══ Supplied data ══

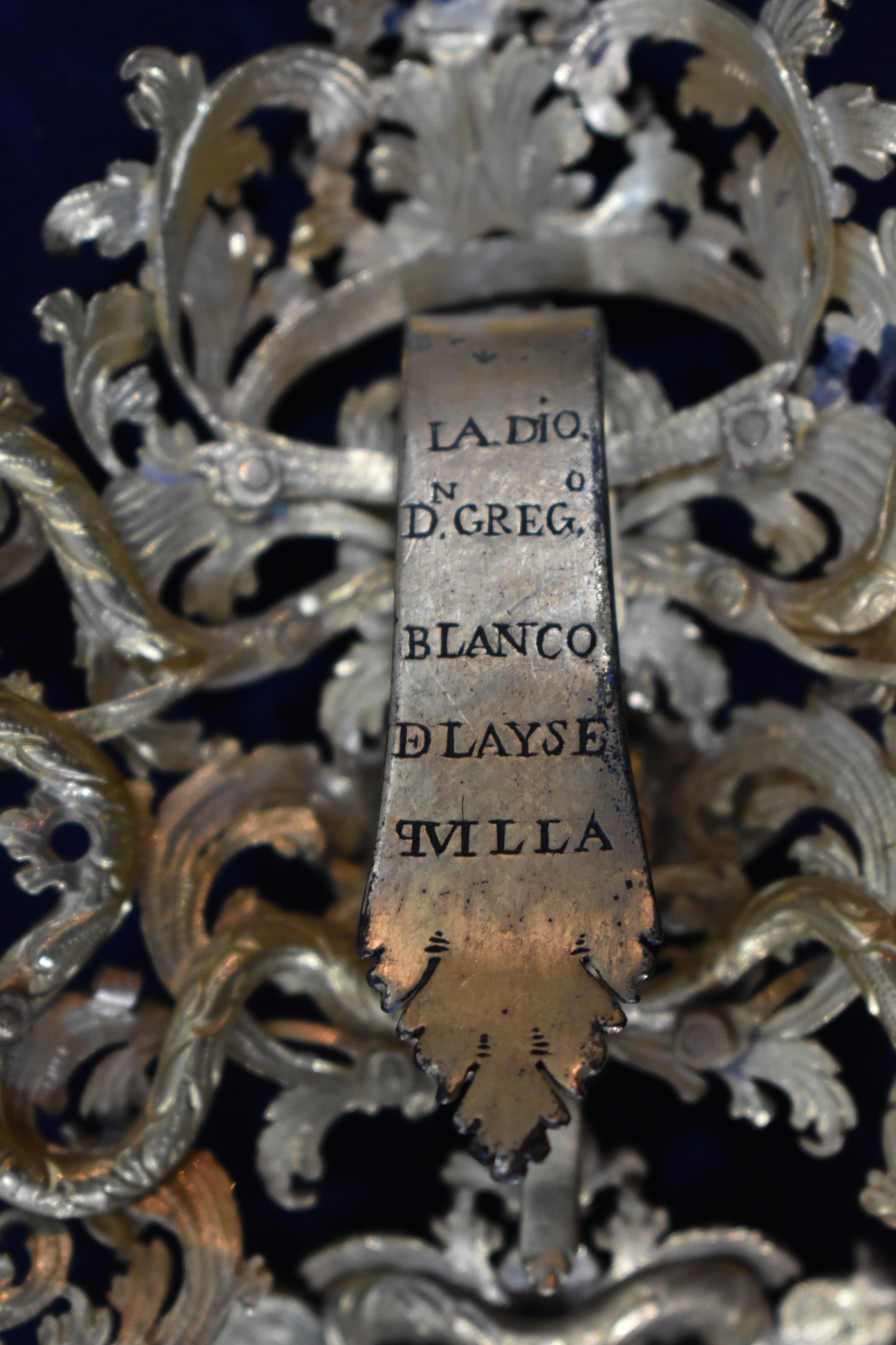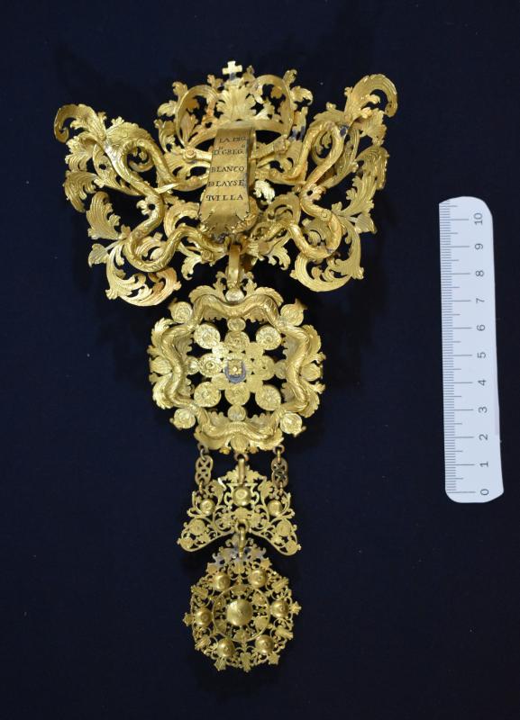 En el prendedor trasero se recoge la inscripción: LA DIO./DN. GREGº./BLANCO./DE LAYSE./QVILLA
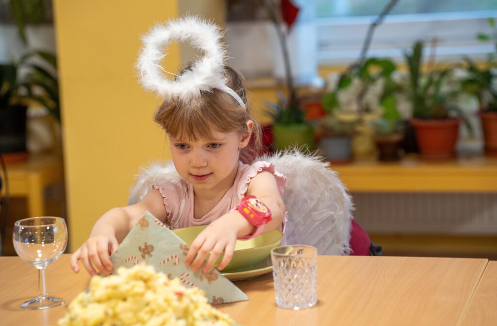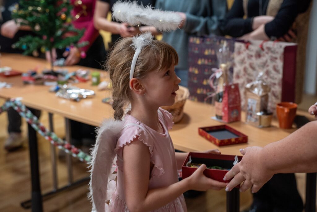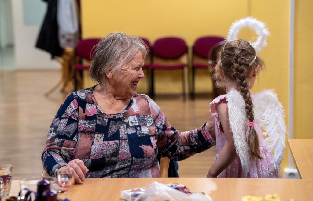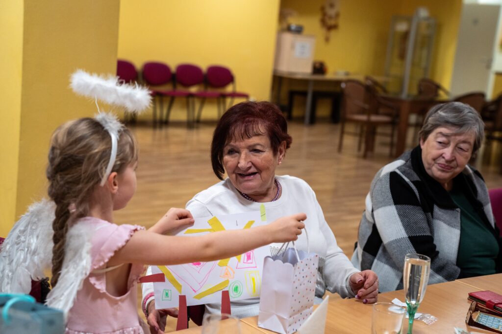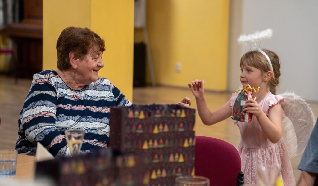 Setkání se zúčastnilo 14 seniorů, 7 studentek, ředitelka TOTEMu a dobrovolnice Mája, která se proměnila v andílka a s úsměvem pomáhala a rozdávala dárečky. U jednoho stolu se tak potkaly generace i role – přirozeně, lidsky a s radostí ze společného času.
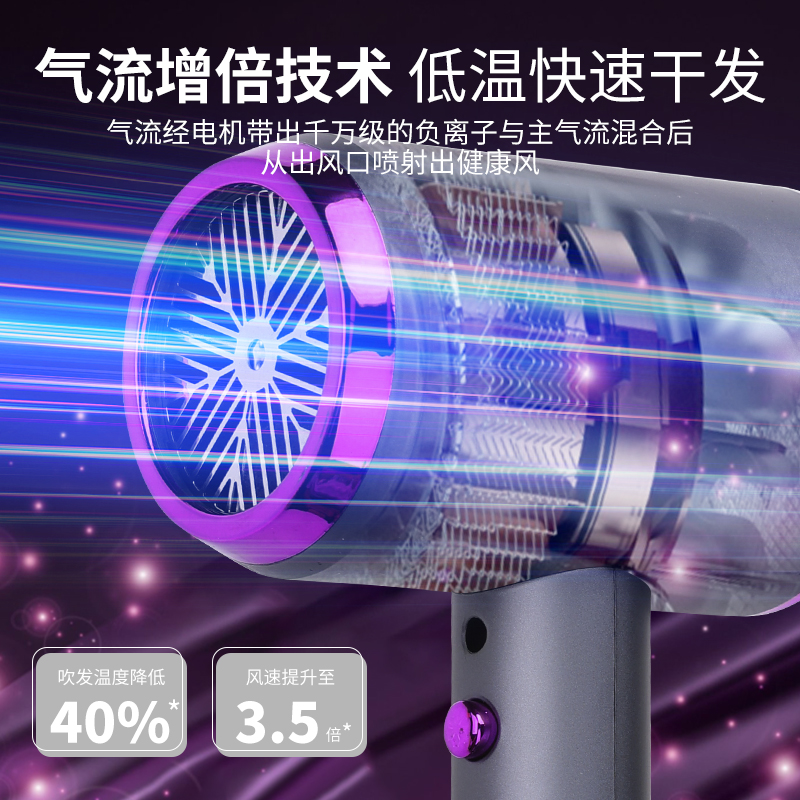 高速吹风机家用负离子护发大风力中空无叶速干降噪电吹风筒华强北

═══

**Exercise aim:** Without including any picture, copy the listing above exactly and in full.

**Problem solution:**
 En el prendedor trasero se recoge la inscripción: LA DIO./DN. GREGº./BLANCO./DE LAYSE./QVILLA
 Setkání se zúčastnilo 14 seniorů, 7 studentek, ředitelka TOTEMu a dobrovolnice Mája, která se proměnila v andílka a s úsměvem pomáhala a rozdávala dárečky. U jednoho stolu se tak potkaly generace i role – přirozeně, lidsky a s radostí ze společného času.
 高速吹风机家用负离子护发大风力中空无叶速干降噪电吹风筒华强北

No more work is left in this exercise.